◆ AIM OF THE EXERCISE ◆
Output only the lines below from the one holding "Bomber bowling fans" down to the one holding "尽管需要戴口罩但是这并不影响", both end lines included and every picture dropped.

◆ RECORDS ◆
□ □ □ □ □

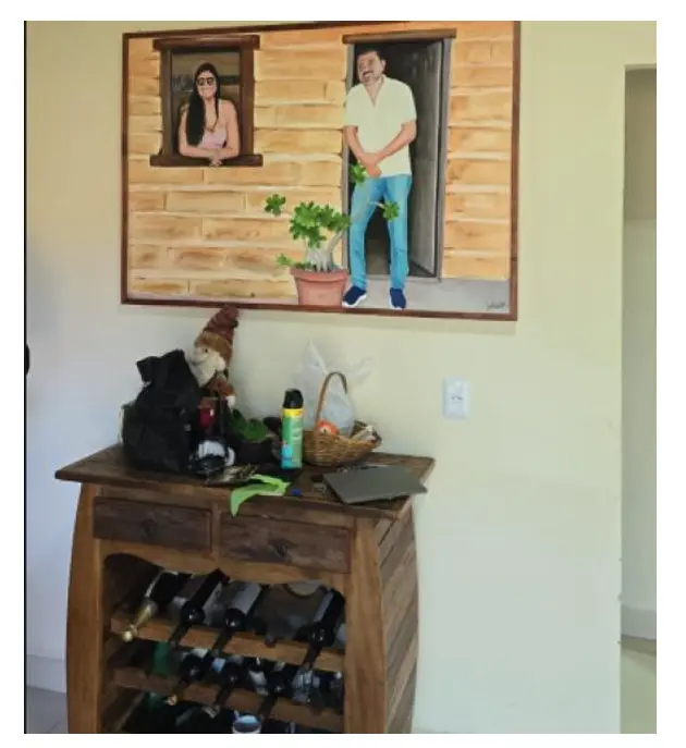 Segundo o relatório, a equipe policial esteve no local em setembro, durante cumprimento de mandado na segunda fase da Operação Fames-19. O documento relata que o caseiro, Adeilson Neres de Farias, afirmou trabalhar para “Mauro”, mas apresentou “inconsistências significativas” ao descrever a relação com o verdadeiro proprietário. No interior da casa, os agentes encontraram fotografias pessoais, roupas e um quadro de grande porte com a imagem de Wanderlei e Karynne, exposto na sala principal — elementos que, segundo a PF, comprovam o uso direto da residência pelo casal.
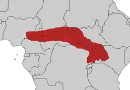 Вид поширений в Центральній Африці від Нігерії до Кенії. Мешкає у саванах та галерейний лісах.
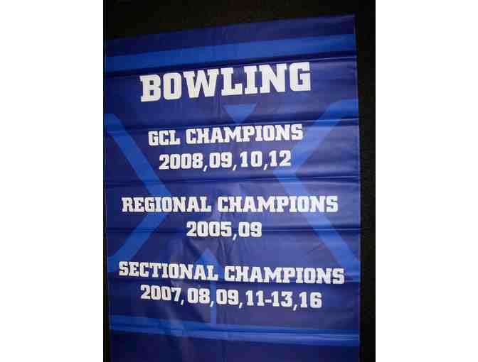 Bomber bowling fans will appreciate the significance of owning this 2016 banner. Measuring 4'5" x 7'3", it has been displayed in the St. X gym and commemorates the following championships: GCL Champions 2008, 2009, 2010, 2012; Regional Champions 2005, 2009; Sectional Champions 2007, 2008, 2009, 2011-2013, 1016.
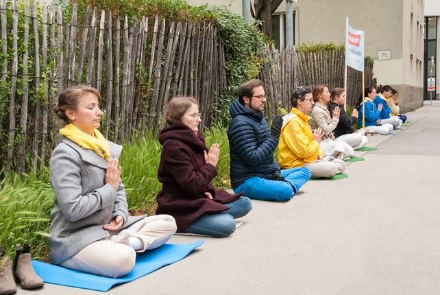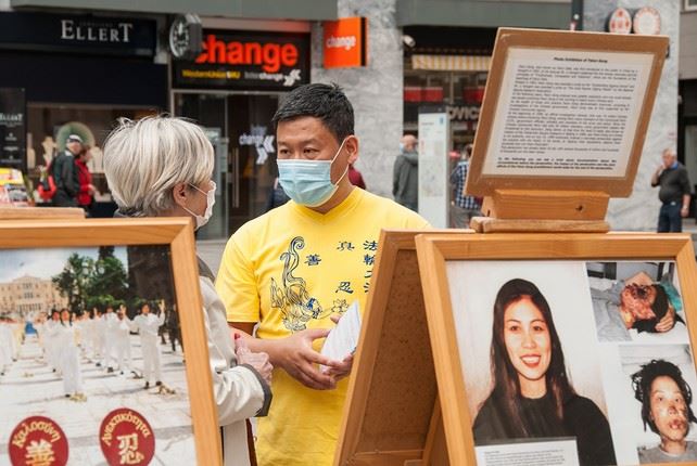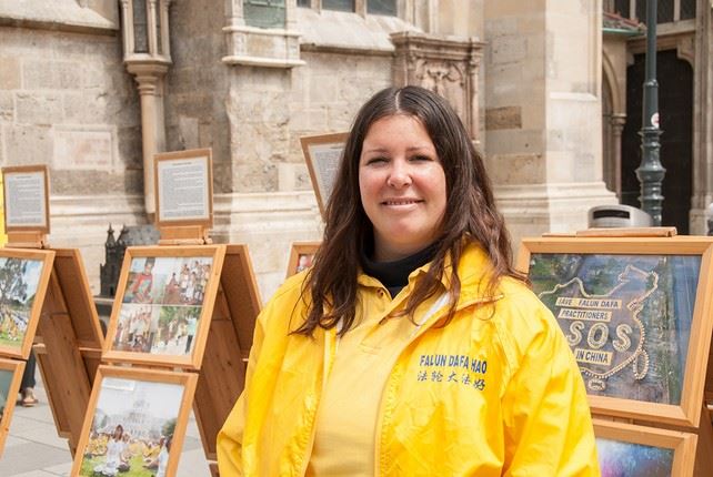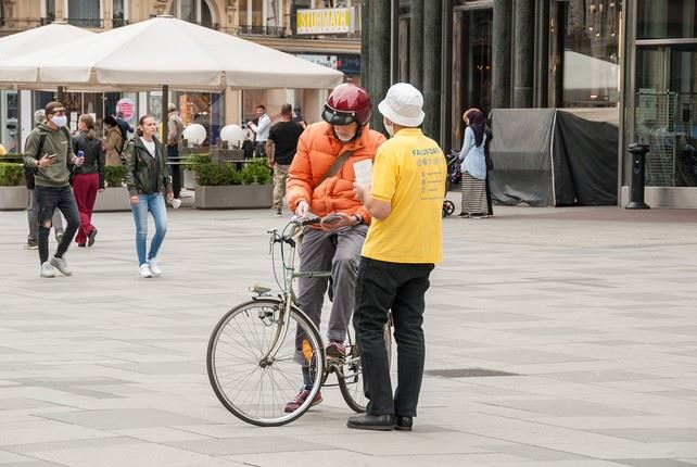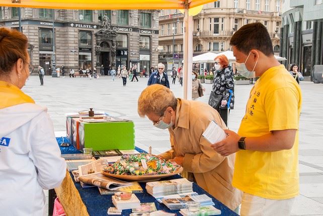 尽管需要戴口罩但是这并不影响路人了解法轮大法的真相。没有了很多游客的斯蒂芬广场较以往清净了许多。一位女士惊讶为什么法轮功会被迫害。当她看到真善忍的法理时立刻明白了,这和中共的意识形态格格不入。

□ □ □ □ □

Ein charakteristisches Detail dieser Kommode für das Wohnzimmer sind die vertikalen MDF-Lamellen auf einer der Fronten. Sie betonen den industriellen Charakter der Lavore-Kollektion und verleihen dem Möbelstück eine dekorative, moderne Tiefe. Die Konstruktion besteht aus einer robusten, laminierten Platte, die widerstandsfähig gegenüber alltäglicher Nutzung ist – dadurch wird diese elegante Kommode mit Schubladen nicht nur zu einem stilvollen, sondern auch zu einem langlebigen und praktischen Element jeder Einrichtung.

□ □ □ □ □

◆ OUTPUT FOR THIS TASK ◆
 Bomber bowling fans will appreciate the significance of owning this 2016 banner. Measuring 4'5" x 7'3", it has been displayed in the St. X gym and commemorates the following championships: GCL Champions 2008, 2009, 2010, 2012; Regional Champions 2005, 2009; Sectional Champions 2007, 2008, 2009, 2011-2013, 1016.
 尽管需要戴口罩但是这并不影响路人了解法轮大法的真相。没有了很多游客的斯蒂芬广场较以往清净了许多。一位女士惊讶为什么法轮功会被迫害。当她看到真善忍的法理时立刻明白了,这和中共的意识形态格格不入。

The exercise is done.